No. And just to clarify that the pediatric trial work that we're doing was part of the original filing, but was not an extension body of work. So the July 2028 worst-case scenario is not inclusive of 6 months of pediatric exclusivity, Doug. No, no changes. We still have patents going all the way out to 2037. We still have our method of use patents, and we continue to do more work around both patents and other work in the company to ensure the longevity of LUPKYNIS. I would just reinforce that the longevity of this asset to us is paramount and it comes to defending the IP that we have around the compound, and it's a priority for the company. So we'll update you when we have more to talk about. But as you know, the legal process on ANDA filings and the subsequent patent infringement lawsuits is pretty protracted. So I wouldn't expect to hear weekly updates from us.

Douglas Miehm, Analyst

Okay. Second question just has to do with the buyback, and you're aggressive there. There's an obvious opportunity today. As we think about the future, though, given the amount that you're likely to spend on the R&D side being it's going to increase probably fairly materially, will we think that we could see scaled back buybacks as we think about beyond 2025? I'll leave it there.

Peter S. Greenleaf, CEO

Doug, as we've said, it's up to the Board's discretion as to how they deploy that cash. Obviously, management gives input to our belief as to what we should do. I wouldn't miss that LUPKYNIS continues to grow for us. And the cash flows we reported in this quarter, if you carry those forward and you carry forward continued growth of LUPKYNIS, the amount of cash flow from operations becomes fairly significant. Now we're not giving long-term or even mid- to short-term guidance on cash flows, but you can do the math. And I think it gives us a very unique position as a biotech company in this space to pay our bills. We have cash on our balance sheet. We have cash flows from operations, so we can pay for the things we want to do, continue to drive LUPKYNIS and develop our pipeline and we have the unique ability to either collect more cash on our balance sheet and grow that over time or deploy it towards buying back shares, which is positive for all shareholders.

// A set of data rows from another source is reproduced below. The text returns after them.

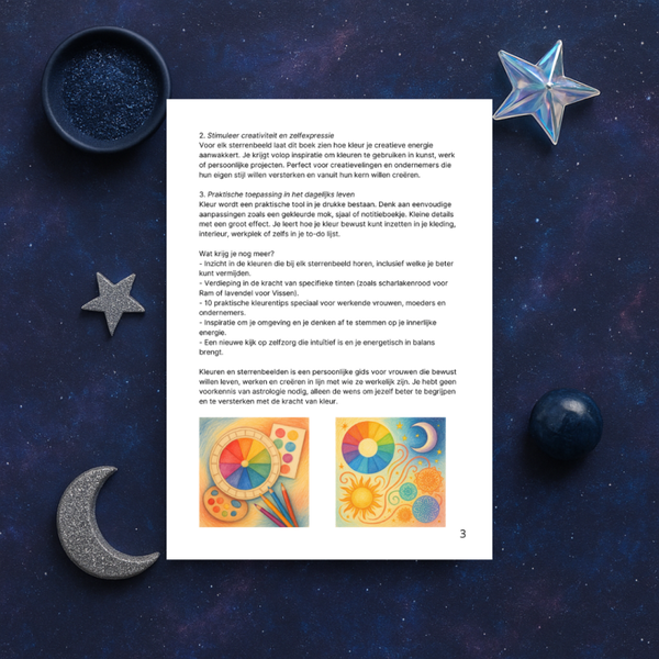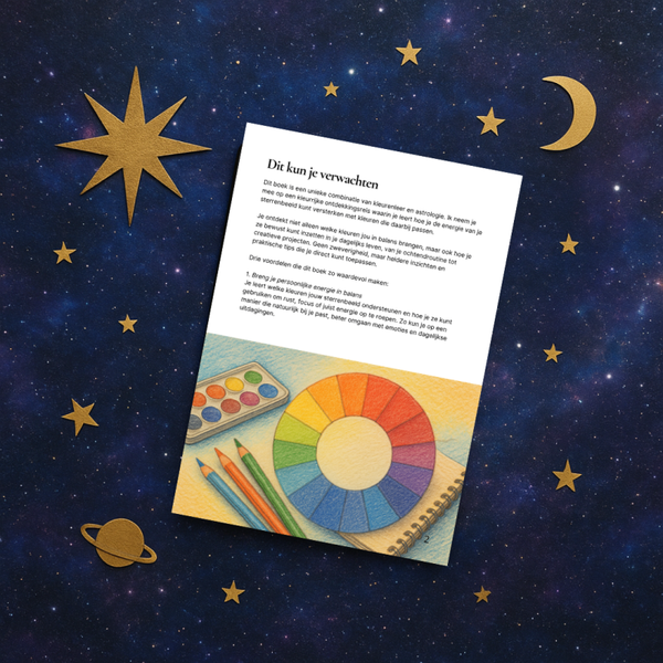Ontdek de magie van kleur met het ebook Kleuren en sterrenbeelden (A4, 40 pagina's). Leer welke kleuren jouw sterrenbeeld versterken, hoe je meer balans, energie en creativiteit in je leven brengt en hoe je kleur praktisch toepast in je kleding, interieur en dagelijkse routines.
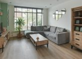 De doorzonwoonkamer is heerlijk licht dankzij de grote raampartijen aan de voor- en achterzijde.
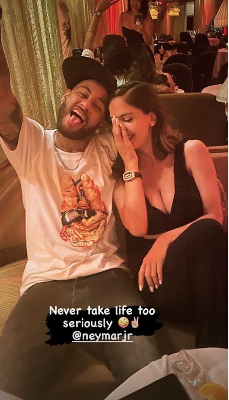 La imagen, compartida por la modelo en sus historias de Instagram, los muestra abrazados y sonrientes en un lujoso restaurante con la frase “Nunca te tomes la vida muy en serio”.

So while we're not giving anything for '26, and I don't disagree that, obviously, your R&D expenses go up as you move into further clinical trials, don't miss the fact that if LUPKYNIS, which we fully believe will continue to grow, grows, our cash flow from operations and our balance sheet are still very, very strong.

Operator, Operator

Thank you and this concludes we have reached the end of the question-and-answer session. And this also concludes today's conference, and you may disconnect your lines at this time. We thank you for your participation, and have a great day.